> _Aim of the task_: In the entries that follow, the lines from the one with "紧接着,大家围绕如何组织有效" through the one with "Una volta inserito" are the ones to write out, exactly and with both ends included. Nothing else should appear.

> _Input_:

● ● ● ●

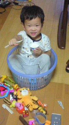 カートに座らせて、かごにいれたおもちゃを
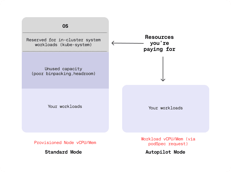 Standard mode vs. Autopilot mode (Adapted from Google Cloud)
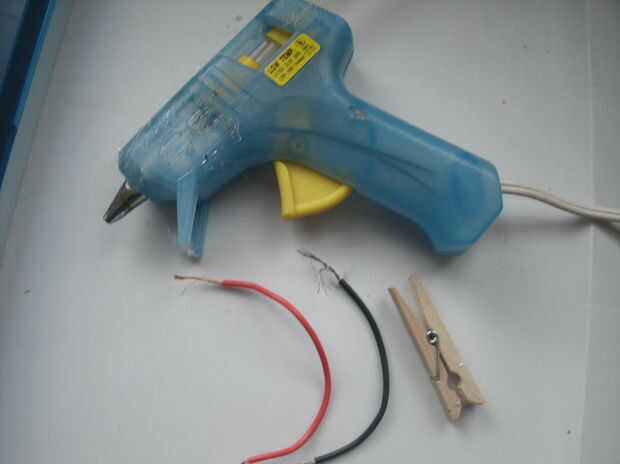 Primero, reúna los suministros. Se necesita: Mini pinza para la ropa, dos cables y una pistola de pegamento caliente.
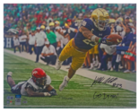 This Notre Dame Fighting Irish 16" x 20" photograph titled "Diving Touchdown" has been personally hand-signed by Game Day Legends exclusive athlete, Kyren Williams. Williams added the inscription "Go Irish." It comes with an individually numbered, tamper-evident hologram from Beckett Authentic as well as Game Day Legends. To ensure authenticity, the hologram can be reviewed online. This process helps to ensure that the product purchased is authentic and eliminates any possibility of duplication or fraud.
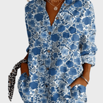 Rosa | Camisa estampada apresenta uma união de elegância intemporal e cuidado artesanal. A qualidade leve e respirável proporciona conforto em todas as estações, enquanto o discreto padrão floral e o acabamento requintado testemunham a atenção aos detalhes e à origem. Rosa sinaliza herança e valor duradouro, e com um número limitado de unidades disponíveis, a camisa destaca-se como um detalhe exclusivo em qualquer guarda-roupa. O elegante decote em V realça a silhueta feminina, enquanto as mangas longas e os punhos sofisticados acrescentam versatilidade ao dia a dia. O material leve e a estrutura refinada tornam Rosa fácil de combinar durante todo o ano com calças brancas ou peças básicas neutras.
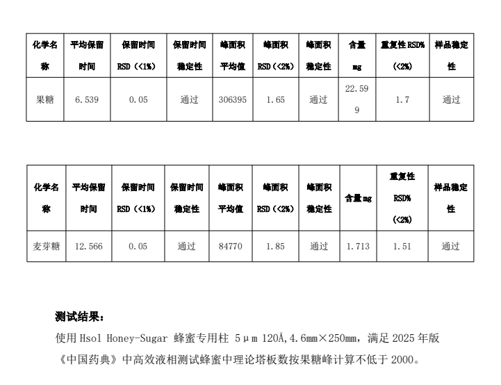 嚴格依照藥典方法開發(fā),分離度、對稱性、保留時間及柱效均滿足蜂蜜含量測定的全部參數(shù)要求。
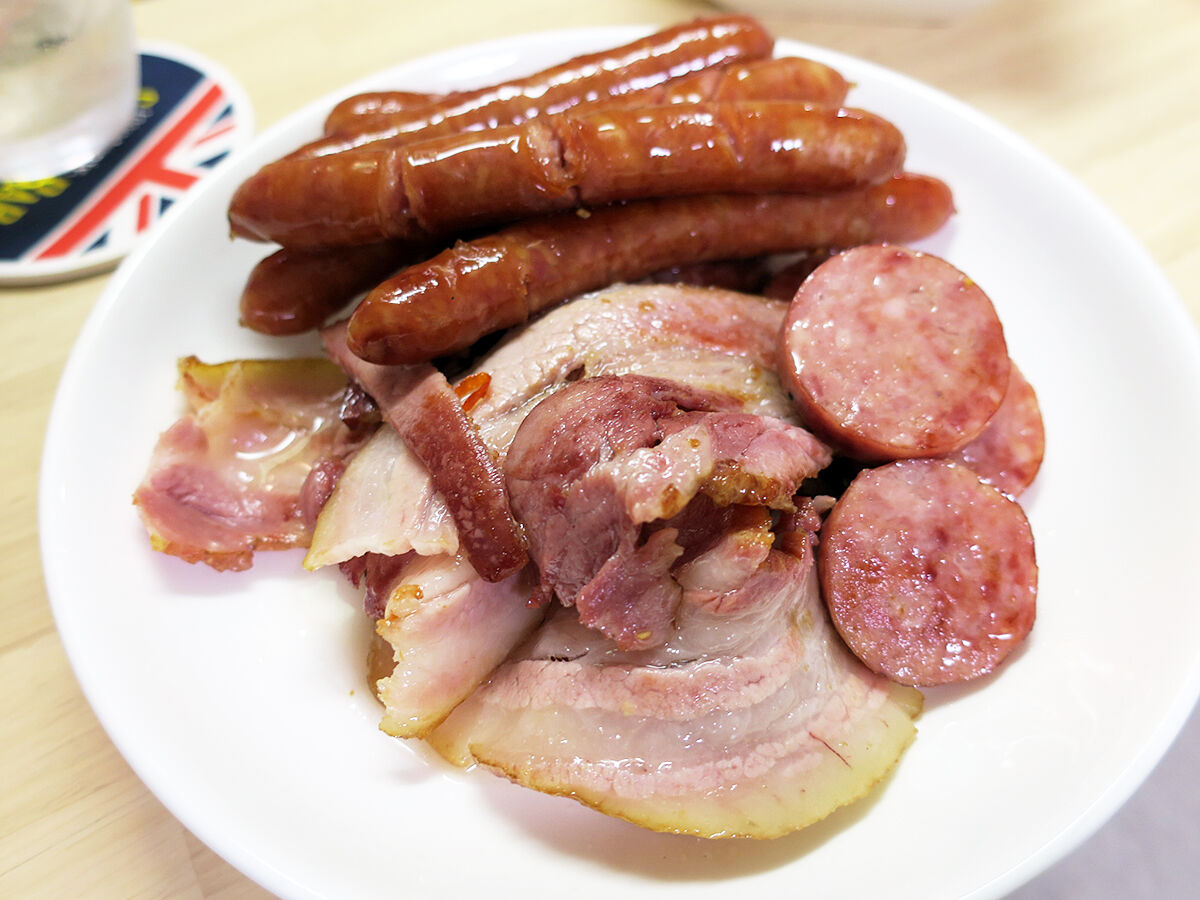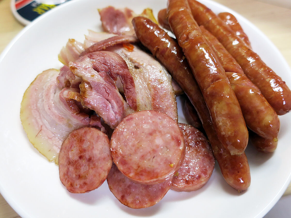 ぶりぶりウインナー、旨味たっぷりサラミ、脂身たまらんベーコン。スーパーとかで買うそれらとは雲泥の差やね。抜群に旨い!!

● ● ● ●

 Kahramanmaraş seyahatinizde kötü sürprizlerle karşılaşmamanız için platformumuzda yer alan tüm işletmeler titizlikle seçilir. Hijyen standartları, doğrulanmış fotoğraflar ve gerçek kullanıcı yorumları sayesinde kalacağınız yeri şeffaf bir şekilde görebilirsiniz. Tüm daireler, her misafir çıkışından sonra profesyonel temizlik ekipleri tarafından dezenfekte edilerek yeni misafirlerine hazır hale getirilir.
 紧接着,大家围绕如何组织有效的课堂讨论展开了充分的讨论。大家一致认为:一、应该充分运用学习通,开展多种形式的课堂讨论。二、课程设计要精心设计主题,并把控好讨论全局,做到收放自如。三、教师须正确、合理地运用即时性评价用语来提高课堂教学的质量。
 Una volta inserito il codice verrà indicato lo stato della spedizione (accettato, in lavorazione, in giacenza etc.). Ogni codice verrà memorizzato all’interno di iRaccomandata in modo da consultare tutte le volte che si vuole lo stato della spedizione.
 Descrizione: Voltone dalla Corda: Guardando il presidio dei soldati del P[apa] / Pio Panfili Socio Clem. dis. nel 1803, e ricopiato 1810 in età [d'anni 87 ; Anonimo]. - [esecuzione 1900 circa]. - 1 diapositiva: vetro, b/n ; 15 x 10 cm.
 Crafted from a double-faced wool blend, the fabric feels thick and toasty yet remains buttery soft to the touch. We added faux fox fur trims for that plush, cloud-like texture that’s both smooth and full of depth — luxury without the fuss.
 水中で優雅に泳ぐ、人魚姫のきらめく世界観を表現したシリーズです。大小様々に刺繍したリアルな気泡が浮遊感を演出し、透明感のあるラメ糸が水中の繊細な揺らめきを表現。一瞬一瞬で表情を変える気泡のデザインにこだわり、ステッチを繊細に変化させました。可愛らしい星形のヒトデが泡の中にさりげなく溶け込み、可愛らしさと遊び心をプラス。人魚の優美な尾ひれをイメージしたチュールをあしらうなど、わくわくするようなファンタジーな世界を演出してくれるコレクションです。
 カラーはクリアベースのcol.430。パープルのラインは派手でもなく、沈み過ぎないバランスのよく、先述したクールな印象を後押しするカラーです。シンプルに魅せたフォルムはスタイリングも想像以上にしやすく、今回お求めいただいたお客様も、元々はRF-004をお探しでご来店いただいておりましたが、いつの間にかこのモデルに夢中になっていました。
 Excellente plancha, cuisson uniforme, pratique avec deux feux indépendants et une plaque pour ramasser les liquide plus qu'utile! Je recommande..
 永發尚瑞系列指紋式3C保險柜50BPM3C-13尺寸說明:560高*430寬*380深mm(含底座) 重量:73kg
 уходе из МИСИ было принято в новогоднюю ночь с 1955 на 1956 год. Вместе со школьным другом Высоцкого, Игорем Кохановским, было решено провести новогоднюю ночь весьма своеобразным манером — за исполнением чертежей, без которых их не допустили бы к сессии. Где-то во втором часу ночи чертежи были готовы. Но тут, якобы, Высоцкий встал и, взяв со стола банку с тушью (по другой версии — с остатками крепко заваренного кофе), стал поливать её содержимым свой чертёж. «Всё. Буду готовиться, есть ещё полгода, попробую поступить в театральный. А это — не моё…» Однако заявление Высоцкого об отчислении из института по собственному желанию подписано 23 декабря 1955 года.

● ● ● ●

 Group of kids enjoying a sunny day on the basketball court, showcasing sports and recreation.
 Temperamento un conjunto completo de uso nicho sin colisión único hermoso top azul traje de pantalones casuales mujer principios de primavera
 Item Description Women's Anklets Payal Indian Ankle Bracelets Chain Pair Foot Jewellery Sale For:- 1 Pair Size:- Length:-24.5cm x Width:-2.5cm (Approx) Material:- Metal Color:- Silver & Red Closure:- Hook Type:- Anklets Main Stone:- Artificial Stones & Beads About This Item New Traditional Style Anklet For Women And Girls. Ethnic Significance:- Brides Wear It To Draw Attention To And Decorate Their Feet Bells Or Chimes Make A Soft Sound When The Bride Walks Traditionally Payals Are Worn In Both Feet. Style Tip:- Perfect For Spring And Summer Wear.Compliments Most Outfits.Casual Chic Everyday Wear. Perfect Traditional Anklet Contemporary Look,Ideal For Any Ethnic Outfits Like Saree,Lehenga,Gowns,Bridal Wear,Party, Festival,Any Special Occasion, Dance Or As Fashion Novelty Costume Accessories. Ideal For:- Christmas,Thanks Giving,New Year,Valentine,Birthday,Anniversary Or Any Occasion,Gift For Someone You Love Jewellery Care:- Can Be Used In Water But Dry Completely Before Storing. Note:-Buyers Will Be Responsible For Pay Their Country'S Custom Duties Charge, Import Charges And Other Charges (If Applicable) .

● ● ● ●

> _Answer_:
 紧接着,大家围绕如何组织有效的课堂讨论展开了充分的讨论。大家一致认为:一、应该充分运用学习通,开展多种形式的课堂讨论。二、课程设计要精心设计主题,并把控好讨论全局,做到收放自如。三、教师须正确、合理地运用即时性评价用语来提高课堂教学的质量。
 Una volta inserito il codice verrà indicato lo stato della spedizione (accettato, in lavorazione, in giacenza etc.). Ogni codice verrà memorizzato all’interno di iRaccomandata in modo da consultare tutte le volte che si vuole lo stato della spedizione.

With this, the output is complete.